Furlong wrote to VANOC staff  “[I]mbedded [sic] in this note (cryptic as it may be) is a warning that the track is in their view too fast and someone could get badly hurt. An athlete gets badly injured or worse and I think the case could be made we were warned and did nothing…. I’m not sure where the exit sign or way out is on this. Our legal guys should review at least.” Yet when Georgian luger Nodar Kumaritashvili died, Furlong is quoted as saying, “It’s not something I prepared for, or ever thought I would have to be prepared for.”

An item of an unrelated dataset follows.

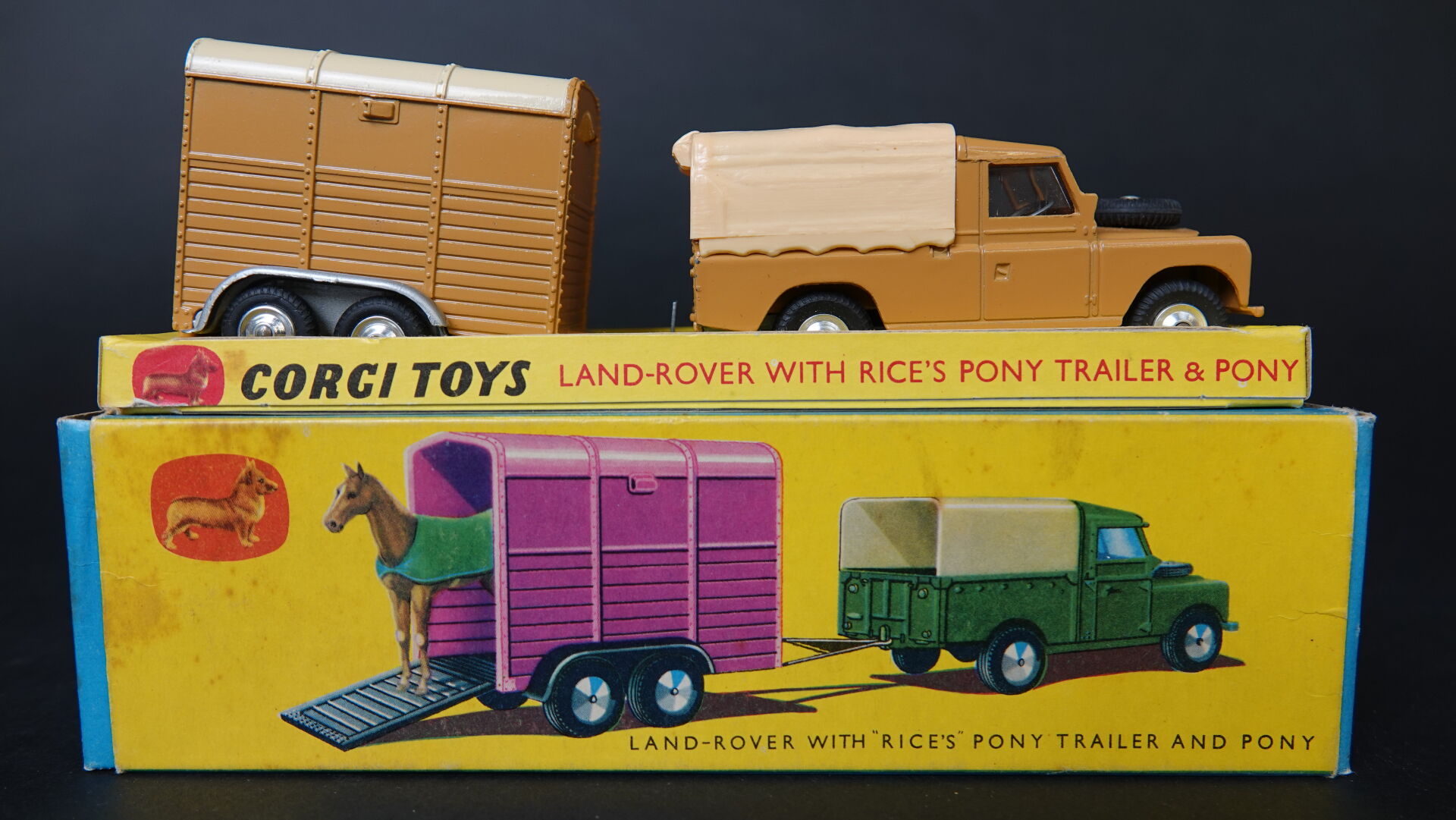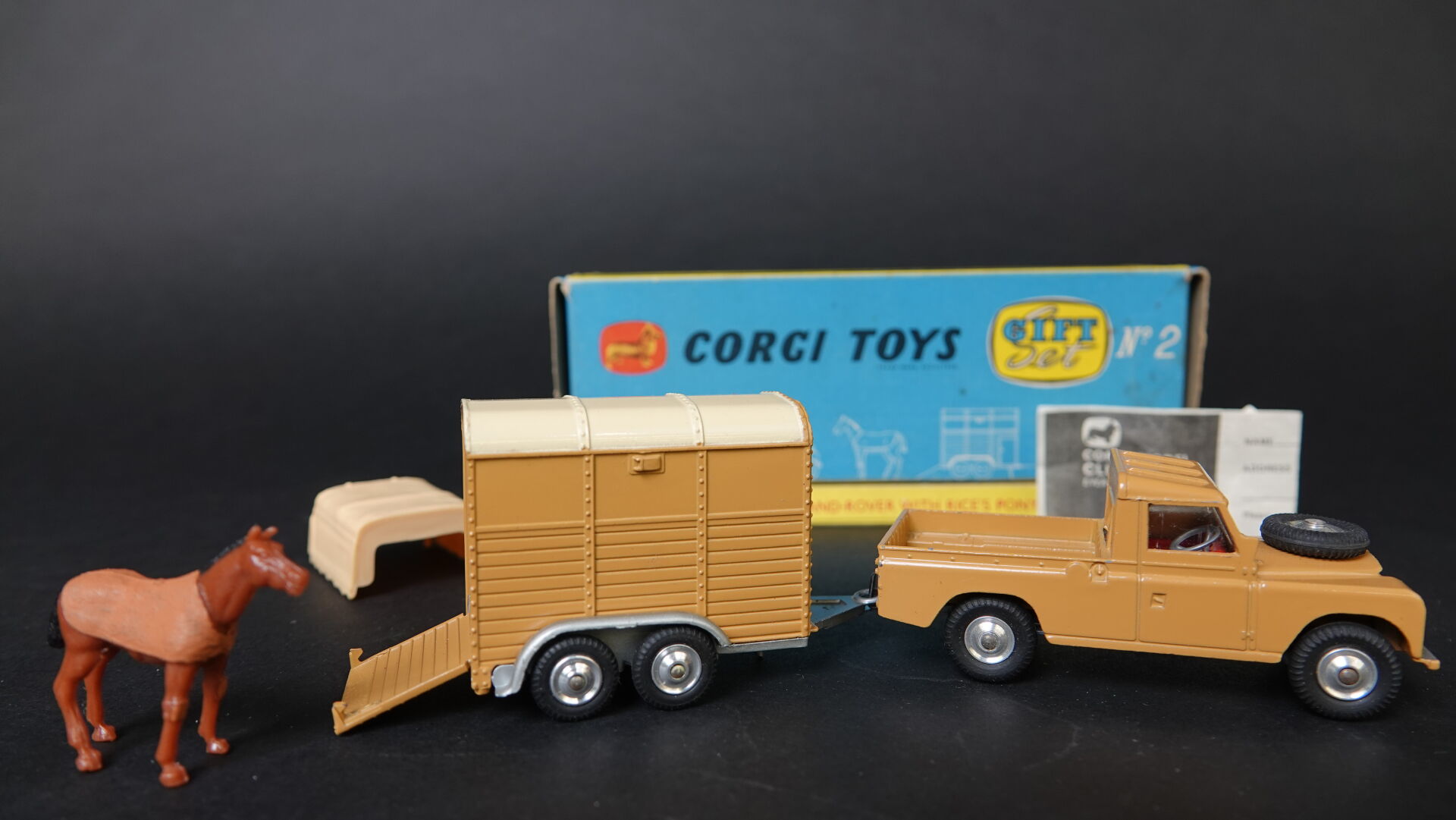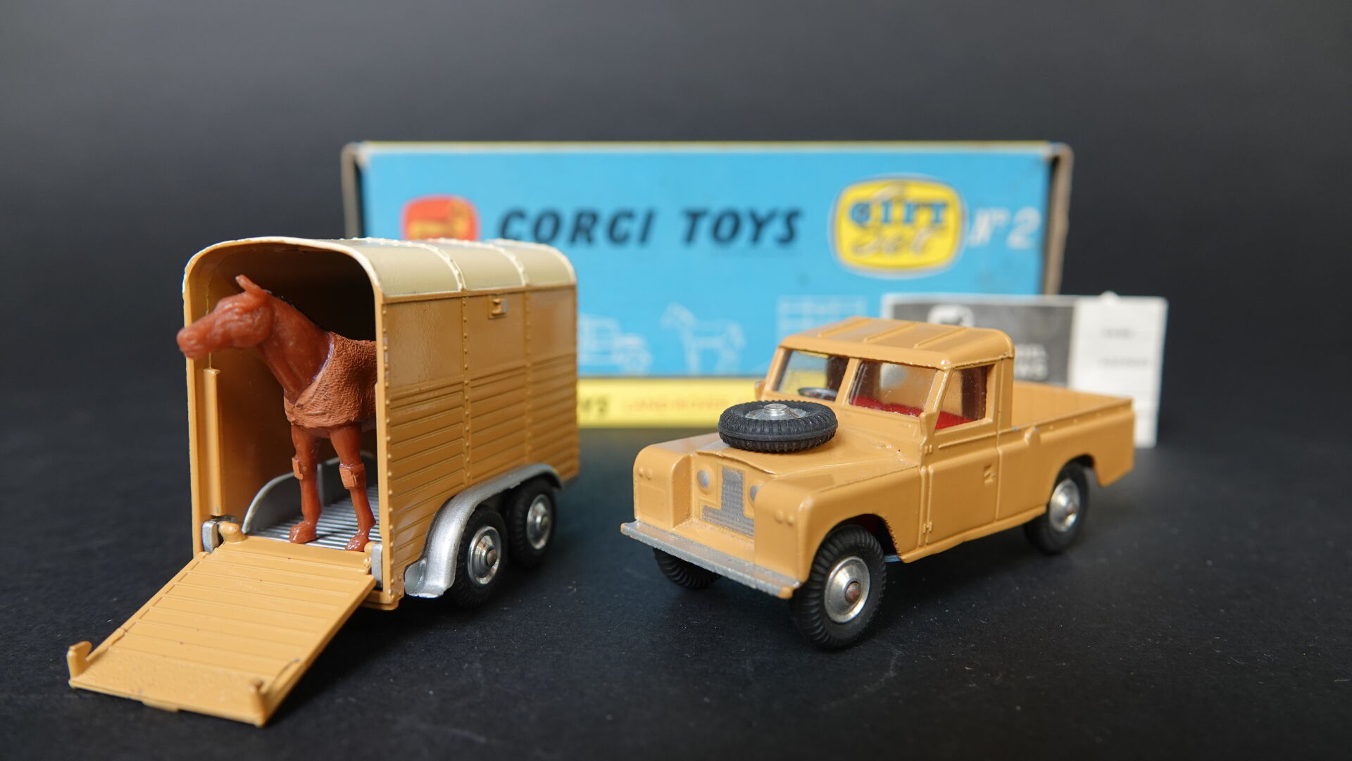 1/43ème - CORGI TOYS GIFT SET N°2 - Land Rover avec van et son poney (capote beige pour le land) sur socle de présentation et en boite d'origine Très bel état en boite d'origine proche du neuf. Expertise réalisée par Monsieur Stanislas LEMOINE.
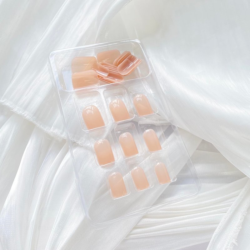 4. Stick a Jelly glue sticker on the nail, stick the fake nail from the root of the nail to the front of the nail, and then press it for a few seconds.

In Patriot Hearts, which came out before the above email was public, Furlong wrote, "Never in our wildest dreams did we imagine the death of an athlete on Opening Day.”

To this day, no one is allowed to use the men’s starting gate on the luge track. The track is located in Whistler, 150 km north of Vancouver. But Furlong appears to have moved on from the scandal surrounding it. He has been named as the Chair of Whistler-Blackcomb’s Corporate Governance Committee. Whistler-Blackcomb is the massive resort/ski area located at Whistler.

In November, VANOC paid them $32.1 million in “make whole” compensation, after the resort argued that the Olympics had hurt business. Most recently he has also been made a director of Rocky Mountain Railtours, the luxury rail company whose train makes the run to Whistler. While environmentalists argued for this rail line to be a dedicated transportation route during the Games, VANOC chose a widened highway and vehicles instead. Rail use was restricted to Rocky Mountain Tours who rented out the train to politicians who met with corporate leaders on their way to Whistler. John Furlong certainly has come a long way since his first missionary position.